Human Echolocation: Blind Like a Bat * Lifting the Lid on Lazy Eye * Red Dwarf Stars Host Hospitable Planets * Mother Flies Dose Offspring with Alcohol * Arctic Ice Turns Green with Algae * Salmon Follow Magnetic Map
Saturday, February 23, 2013 |
Animals such as bats are well known for their ability to echolocate, but today you'll hear about sightless humans who also use reflected sound to build up a picture of their environment. We'll also find out how a stint in total darkness can lead to clearsightedness - for kittens, at least. We'll discover why Red Dwarf planets might be the best neighbourhoods for alien life, and how fruit flies "hit the bottle" to battle parasites. And we'll learn why Arctic ice is going from white to green, and why a migrating salmon.needs a magnetic personality.
Similar to bats and dolphins, many blind humans have learned to navigate by echolocation. The most common method of sending and receiving sound waves is by making clicking noises with the tongue. Previous studies have used brain scans to show that in humans without sight, areas of the brain that are activated by visual cues in sighted people, are recruited for audio, including echolocation, in blind people. But a new study by Jennifer Milne, a PhD student, and colleagues from The Brain and Mind Institute at Western University in London, took this research one step further. They found that the areas of the brain that use the echo-based cues about an object's shape are also located in the same region of the brain activated by visual cues for shape in a sighted person. The study sheds new light on brain plasticity.
In humans, amblyopia, or "lazy eye," occurs in about 4 percent of the population. It happens when the two eyes do not see equally well in young children. At this age, the connections from the eyes to the brain are still developing. To compensate, the brain shuts down the eye with poor vision, in order to salvage the eye with good vision. A new study by Dr. Kevin Duffy, an Assistant Professor in the Department of Psychology and Neuroscience at Dalhousie University in Halifax, has found that total darkness resulted in a 100 percent success rate in restoring complete vision to kittens with experimentally- induced lazy eye. In their experiment, ten days of darkness reduce neurofilaments in the brain that hold the vision system in place. This allows the brain to return to a state in which it can correct itself. It is hoped that this research can one day be applied to children with lazy eye.
Red Dwarf with orbiting planet, Credit: David A. Aguilar (CfA)
Red Dwarf stars are small, dim, and very common. They are, at most, half the size of our Sun, can't be seen by the naked eye, and about three-quarters of the stars in our galaxy are Red Dwarfs. Now, new work by Courtney Dressing, a PhD Candidate at the Harvard-Smithsonian Center for Astrophysics, suggests that Red Dwarfs might also commonly host Earth-sized planets, orbiting in the "habitable zone" where their surface temperature could sustain liquid water. By combing through data from the Kepler satellite, Ms. Dressing found several planets fitting this pattern, and her survey suggests perhaps 6% of Red Dwarfs might have potentially hospitable planets.
Fruit-flies are often victims of parasitic wasps, which lay their eggs in the fruit-fly larvae. The infant wasps then eat the fruit-fly from the inside out. However, Dr Todd Schlenke, a biologist from Emory University in Atlanta, has found that fruit-fly females have developed a strategy to aid their offspring in the fight against the wasp. When they see parasitic wasps, they choose to lay their eggs on fruit that is fermenting, and which has a high alcohol content. The alcohol thus acts as an anti-parasitic medication, as the fruit-fly larvae are resistant to the toxic effects of alcohol, but the infant wasps are not.
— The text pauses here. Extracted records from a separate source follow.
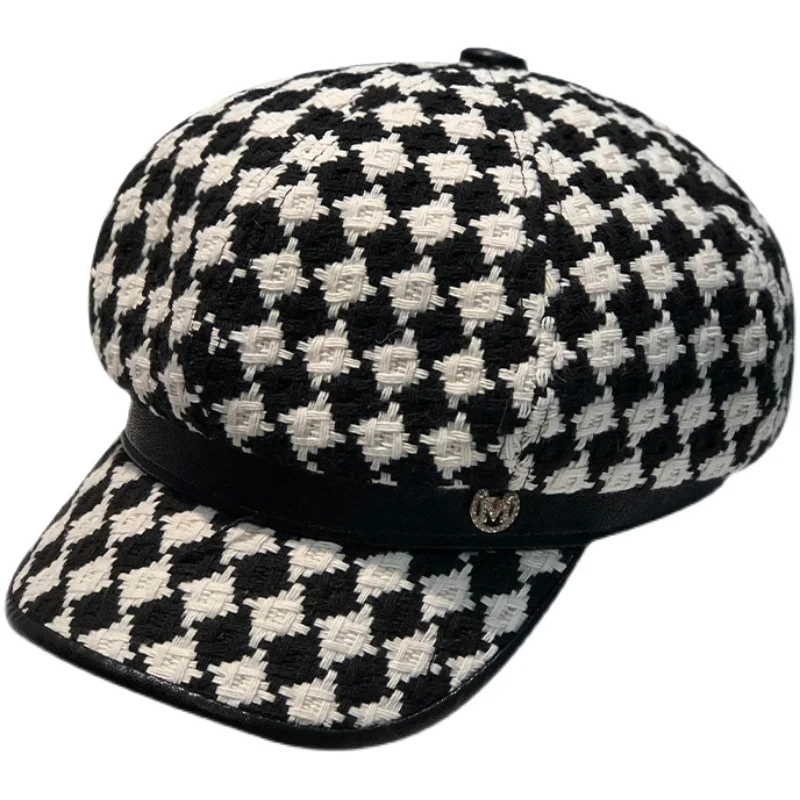 «British Retro Houndstooth Octagonal Hat Women's Korean Version Knitted Plaid Beret Autumn and Winter All-match Painter Hat» по лучшей цене на рынке! Всего за 10$ (950рублей)
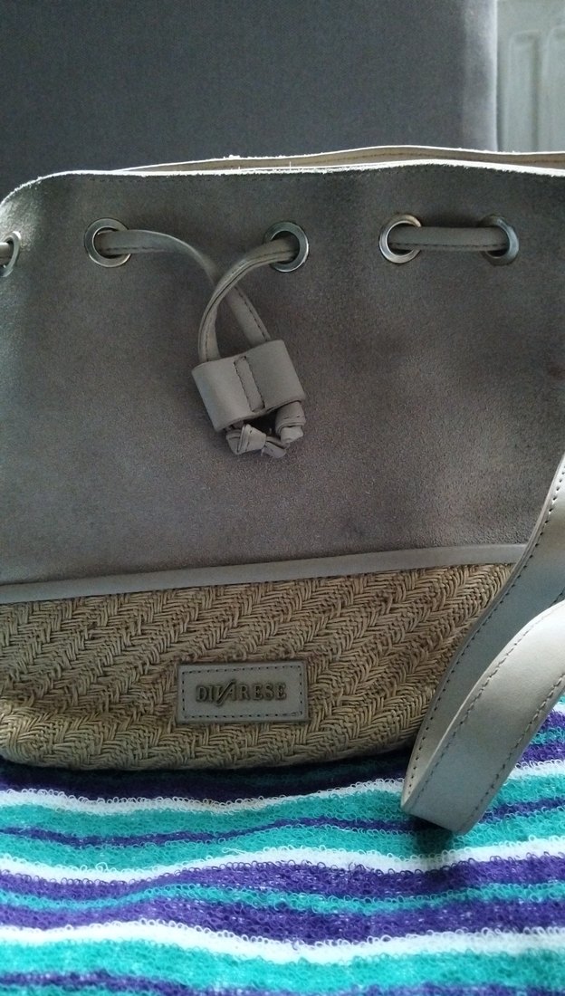 Bejsüet malzemeden yapılmış, buckled detaylı, desen içermeyen kadın el çantası. Bohem ve sokak stiline uygun, önünde DIVARESE marka yazısı bulunur.
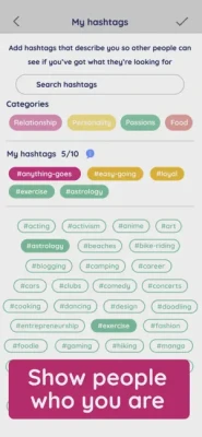 Spice up your profile with unique hashtags to share your likes, hobbies, favorite foods, music preferences and much more
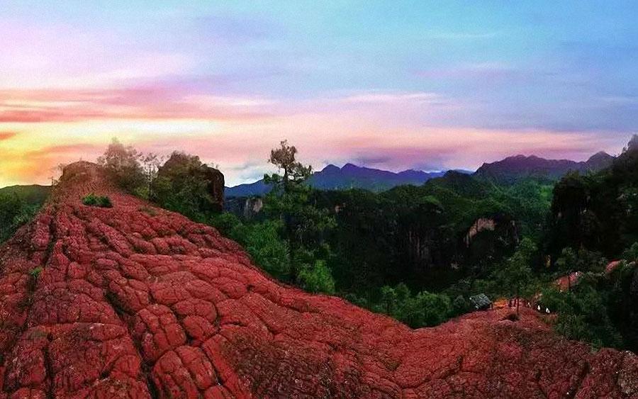 黎明境内还有我国面积最大、海拔最高的一片神奇丹霞地貌区。一大块裸露并风化成片片巨鳞状的山岩,好像一只巨大的乌龟在爬行,龟身上成千上万的巨鳞状山岩又好像一只只小龟,千龟山因此而得名。
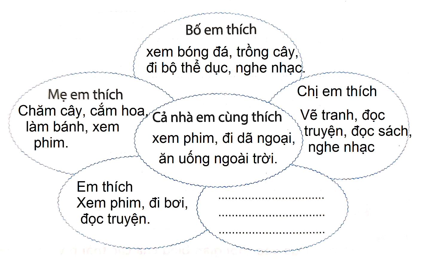 Tìm hiểu về hoạt động yêu thích của các thành viên trong gia đình và viết vào bông hoa theo cách sau:
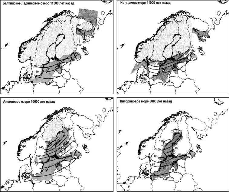 Рис. 2. Этапы послеледниковой истории Балтики. Изобазы отражают высотные отметки на разные этапы относительно современного уровня моря (по М. Saarnisto (2003))
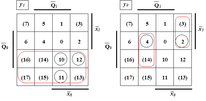 Выполним конкатенацию кодов входных сигналов и кодов состояний по порядку следования переменных x1x0Q1Q0 и заполним таблицу истинности для функций выхода и возбуждений. В таблице на запрещённых наборах входных сигналов и состояний значения функций не определены и обозначены символом красного цвета §к .
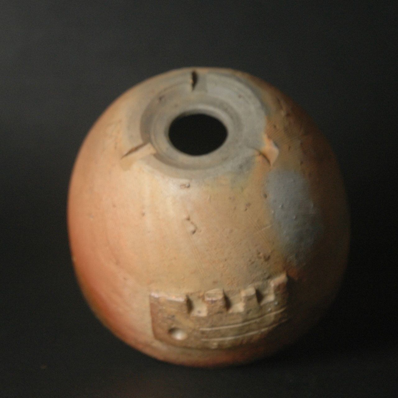 焼成完了時、作品の間に炭を入れて作る炭サンギリと呼ばれる窯変の作品。

Related Links
Algae growing in strands underneath thinning Arctic ice. Mar Fernandez-Mendez, Alfred Wegener Institute
A recent study of ice in the Central and Eastern Arctic found that it is only about one metre thick, as compared to between four and five metres thick 20 years ago. This, along with more open water in the Arctic than ever before, has known consequences. One of them is the growth of algae. But a new study by Dr. Antje Boetius, a Professor of Marine Biology from The University of Bremen in Germany, found that the growth of algae has increased to a point where the Arctic Sea floor is completely covered in many places. As the ice thins, more sunlight is able to penetrate. This promotes the growth of algae on the underside of the ice. When the ice melts, the algae drops to the bottom. These changes are a new phenomenon and may negatively effect the biodiversity of the Arctic ecosystem.
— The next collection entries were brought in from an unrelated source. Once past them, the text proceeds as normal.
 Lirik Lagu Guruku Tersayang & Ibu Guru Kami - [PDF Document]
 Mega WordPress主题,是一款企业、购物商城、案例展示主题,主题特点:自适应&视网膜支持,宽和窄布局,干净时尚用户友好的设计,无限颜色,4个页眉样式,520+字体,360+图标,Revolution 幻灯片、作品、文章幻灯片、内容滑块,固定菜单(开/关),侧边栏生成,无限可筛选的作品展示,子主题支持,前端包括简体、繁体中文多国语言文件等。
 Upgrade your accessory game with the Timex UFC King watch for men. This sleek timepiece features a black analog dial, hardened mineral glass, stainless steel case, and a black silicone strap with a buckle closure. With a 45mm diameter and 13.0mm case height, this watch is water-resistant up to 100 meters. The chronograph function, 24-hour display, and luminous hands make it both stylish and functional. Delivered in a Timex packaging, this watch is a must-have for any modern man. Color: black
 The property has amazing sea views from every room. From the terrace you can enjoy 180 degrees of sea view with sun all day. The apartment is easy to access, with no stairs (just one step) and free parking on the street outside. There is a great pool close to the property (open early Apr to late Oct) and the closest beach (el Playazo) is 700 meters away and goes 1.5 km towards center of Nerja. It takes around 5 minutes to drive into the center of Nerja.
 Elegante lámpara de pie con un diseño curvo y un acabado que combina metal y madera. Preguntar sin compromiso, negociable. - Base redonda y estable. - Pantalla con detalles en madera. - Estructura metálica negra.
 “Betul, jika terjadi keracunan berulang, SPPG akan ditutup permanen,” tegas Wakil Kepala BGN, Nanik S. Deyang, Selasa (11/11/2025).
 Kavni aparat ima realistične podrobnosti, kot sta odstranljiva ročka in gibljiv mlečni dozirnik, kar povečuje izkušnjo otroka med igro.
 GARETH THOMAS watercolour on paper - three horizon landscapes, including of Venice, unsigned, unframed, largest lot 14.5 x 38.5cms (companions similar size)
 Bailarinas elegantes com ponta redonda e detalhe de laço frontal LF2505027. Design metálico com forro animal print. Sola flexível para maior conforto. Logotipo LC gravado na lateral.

Sockeye salmon, courtesy Dr. Tom Quinn, University of Washington
Salmon migrate over thousands of kilometers of open ocean, but somehow, unfailingly find their way home to their native streams. Dr. Nathan Putman, a post-doctoral scholar in the Department of Fisheries and Wildlife at Oregon State University, has found evidence that they do so using a magnetic "sixth sense." Dr. Putman analyzed the route Fraser River salmon took on their migration home to spawn, and found that variations in that route corresponded to long-term variations in the Earth's magnetic field, suggesting the fish were using a magnetic sense and an internal magnetic map to navigate.